So, I bailed on both yoga class and fiddle lesson today, with the full intention of getting a big chunk of those 101 essays graded and back to the students. I did one. One.
I will say that I spent a good while working on the discussion board posts for the online class--and a student who plagiarized last week did it again this week. I sent her an email telling her she was guilty of it again, and as far as I was concerned, she had failed the class, though if she wanted to come in and talk to me about it, make a case for why she should be allowed to continue in the class, she could do that. I alerted Cathy and the Dean of Students about the issue, too. I honestly don't know what this young woman is going to try to present in her defense, but I'm unlikely to want to buy it. The first time, she tried the "I didn't know I was plagiarizing" thing. I said, essentially, well, if you didn't, you do now: you need to cite your sources. Whatever the source. Doesn't matter. And if you need "help," come to me; don't go looking for stuff you can steal from online. I'm really pissed off about it, in a sort of calm way, meaning I don't feel any need to actually get angry with her, but I am not taking any excuses or justifications about how she didn't know what she was doing, or she didn't use the sources I found.... We seem to have an inner constraint these days against just saying, "That's bullshit" to students--but really, there are times when that's what probably should be said.

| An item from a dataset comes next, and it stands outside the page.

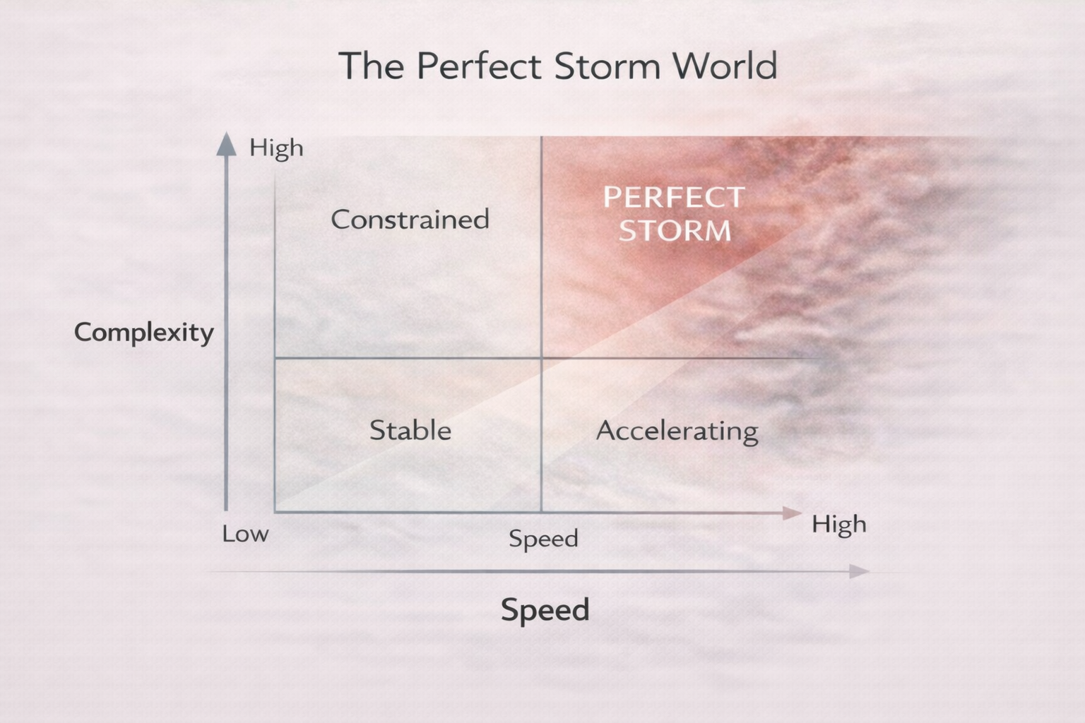 The Guardrails Are Gone Our businesses were designed for a predictable world.Now we are entering a Perfect Storm. Perfect Storm: A turbulent field where interacting systems overpower individual actors. View fullsize Do traditional risk models still work?◻ Yes — Thanks for visiting◻ No — Continue

As for the one essay I graded: oh, God, shoot me now. Absolute, unconsidered, high-school quality, chatty, informal, stream-of-consciousness bilge. No focus, no attempt at paragraphing--one source used, sort of, but not really. I was generous and gave it a D instead of the F it deserved, but only because this is their first essay and they don't really know what the hell is expected of them yet. (Also, she's one of several of my students who came straight out of the basic education program; our experience is generally that the professors in that program are a lot more generous than we are in what they consider college-ready.)

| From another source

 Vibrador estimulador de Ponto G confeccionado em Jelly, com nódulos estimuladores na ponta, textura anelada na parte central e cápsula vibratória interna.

But that was so discouraging, I stopped. I know they won't all be that terrible, but ... it was pretty dispiriting.
Meanwhile, a student from that class is getting himself into trouble by not adhering to the rules. He is overly anxious (and annoying) about wanting to turn stuff in to me; he'll walk up when I'm in the middle of doing something to give me an assignment, or to talk to me about some problem or other he's having. He registered late, and I think that panicked him a bit. He did try to make up some of the work, but now that we've gotten to the requirement that essays have to be submitted to Turnitin....
He didn't try to submit on the due date. (Points off.) I got an email from him just before midnight the next night, saying that he was having trouble using the app on his phone. I told him to contact the help desk and get the problem resolved, and that once he did, he should let me know. He emailed the essay to me (even though I told him before that I don't accept assignments by email). He said it would prove that he did the essay--but, I responded, that's not the issue. I know he'd done it, because he was there for peer review with it. What he needs to do is upload it to Turnitin, and, by being late with it, he already missed his chance at getting any comments from me. I explained--again--that if it isn't uploaded to Turnitin by midnight tonight, he'll get zero credit.

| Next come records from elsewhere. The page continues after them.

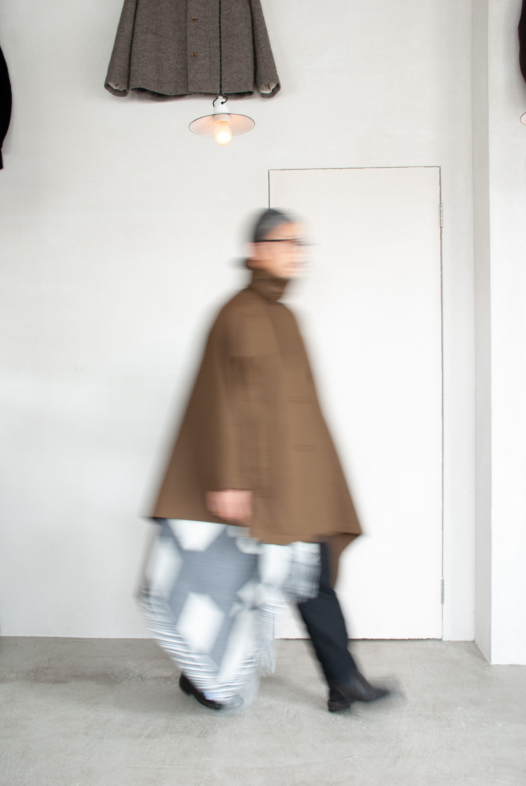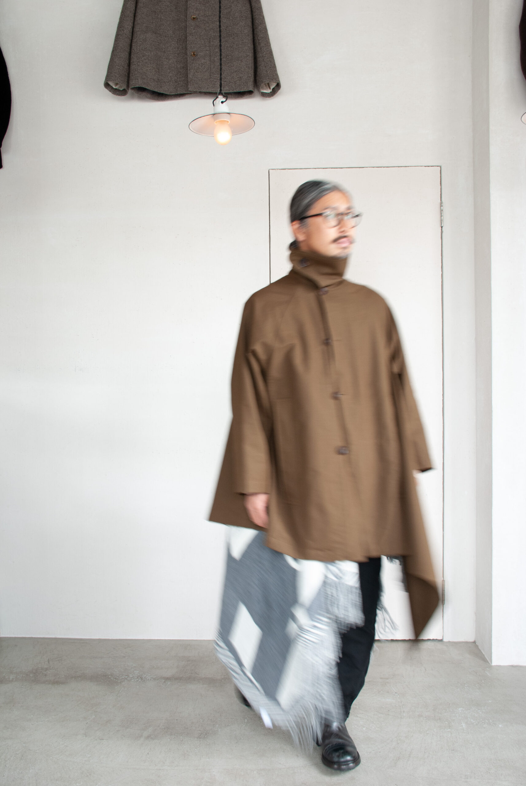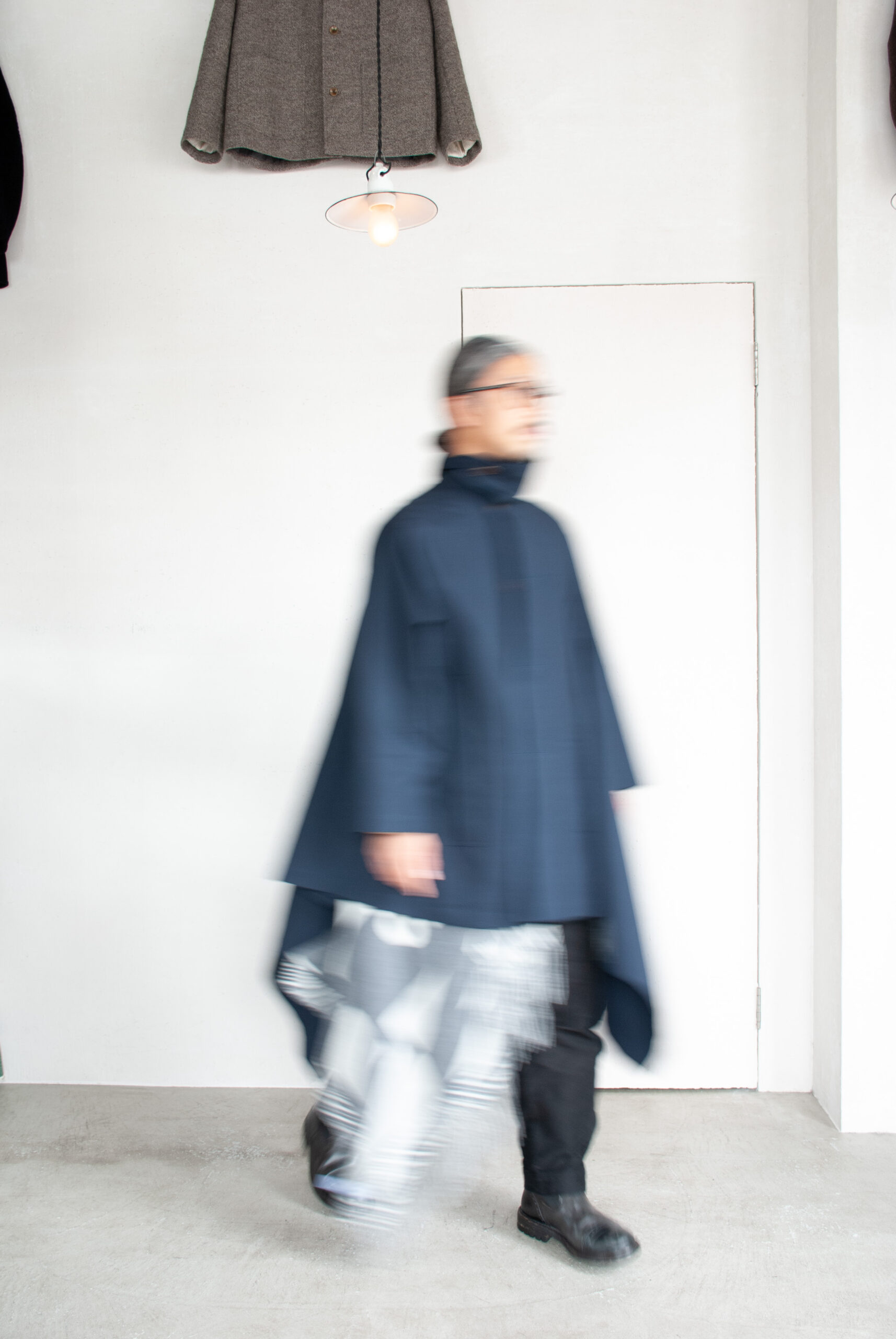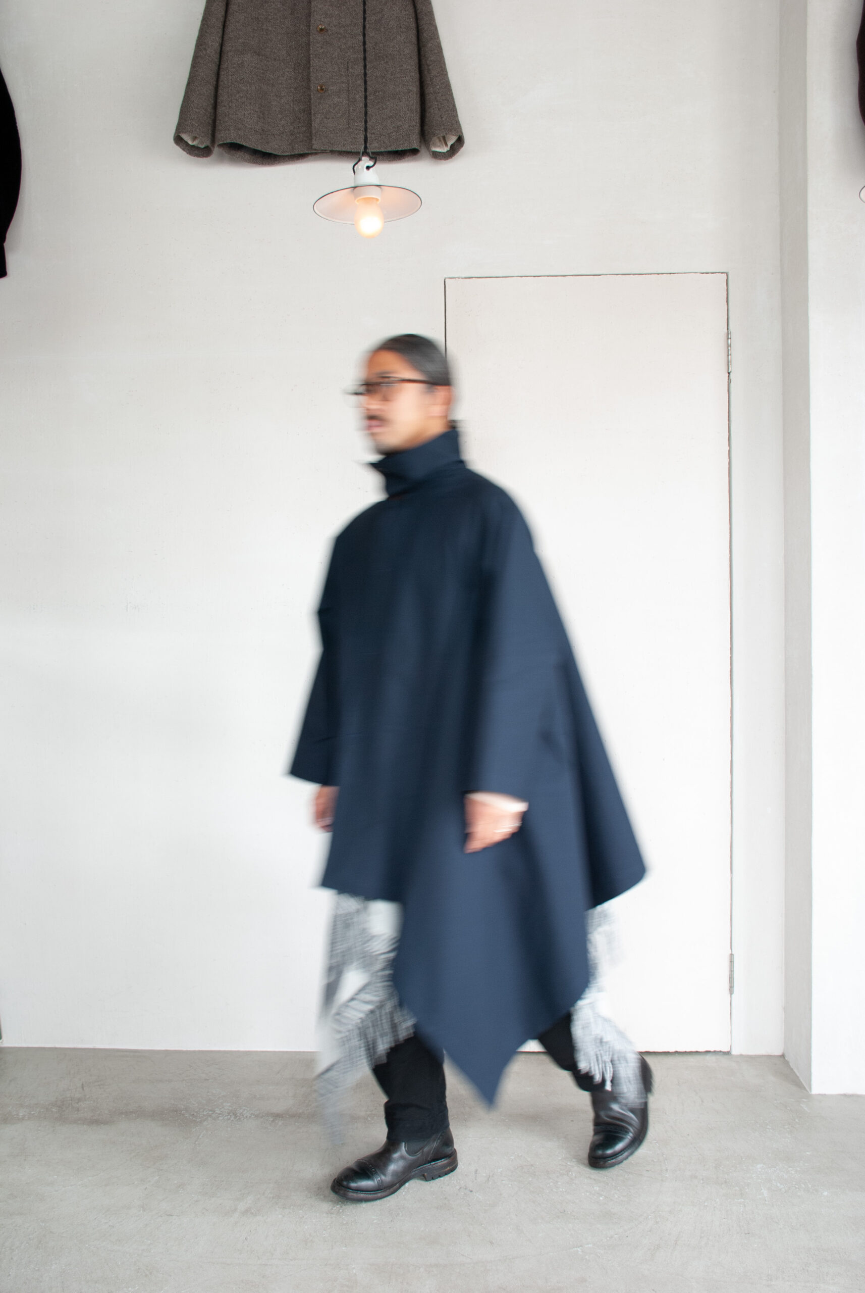 歩いてる時の生地の揺らぎやふくらみ、前からだけでなく、全方向から見てもらいたい。
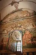 In het sanctuarium, ruimte binnenin voorbehouden aan de priester, is een Laatste Avondmaal afgebeeld met een originele compositie. In de pronaos zijn Heiligen van het Heilig Kruis te paard afgebeeld alsook het Leven van Sint-Jan de Doper en een Oecumenisch Concilie. Niet alle schilderingen in deze ruimte zijn van de hand van Dragoș Coman.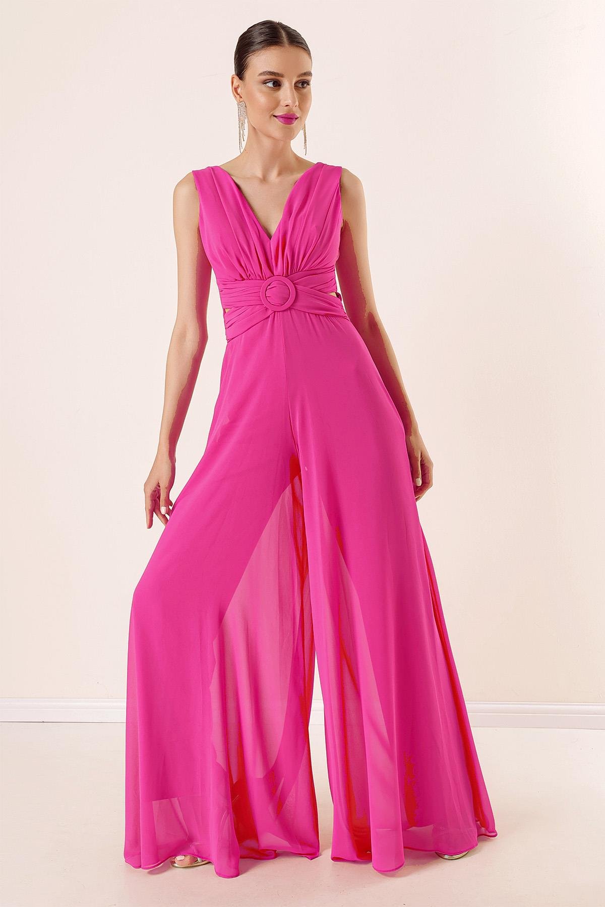 S-22K1230002Bel Dekolteli Ön Arka V Yaka Astarlı Şifon Tulum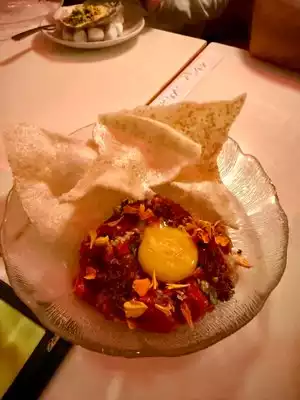 This place is super busy and highly rated. I loved the lotus root salad and the frog legs and chicken wings. Highly recommend the oysters and goat curry as well. The ribs and the tartare were duds. Especially the tartare was disappointing as I am a huge fan of tartares and have had hundreds. This would one would definitely be a lower quartile one… still I recommend a visit, it is a fun location with a fun menu.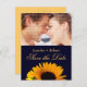 Planning a sunflower wedding? This cheerful postcard is a perfect choice to announce your wedding day to family and friends. Personalise it with your party details and replace template photo with one of your own. This design has a yellow background on postcard back for an easy writing, but an alternative with navy blue background is available in my store.
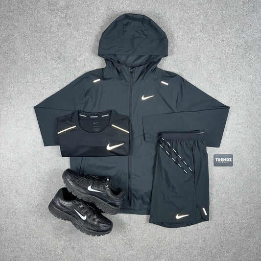 NIKE UV WINDBREAKER, MILER & FLEX SHORTS SET - BLACK

Nothing. I'm quite sure he hasn't checked his email. This is a common assumption among our students: that when they send an email, that's the end of their responsibility. They don't recognize that they have to check for a reply, as the professor may say "no" to a request, or explain something that the student needs to attend to. Nope: I sent the email; I've done my job.
Well, this will be a hard lesson for him, too. I think he's pretty smart, but he sure has to button it up and get some discipline.
And to my dismay, it turns out that my student from last semester, the young man I called Street Smart, is in Paul's 102 class--and is not taking care of business but making excuses because he's on the wrestling team. He also wanted me to read his essay for Paul because he's pretty proud of it; I'll read it (if/when I have time) but I won't say anything about it: Paul is his professor now, and he needs to do as Paul says, conform to what Paul wants of him.
Well, anyway. I have my work cut out for me tomorrow: at least seven essays to grade (more if I can manage to stay nailed to this computer long enough to do them. But that's tomorrow. Today, I'm stick-a-fork-in-me done, even though I didn't really do anything.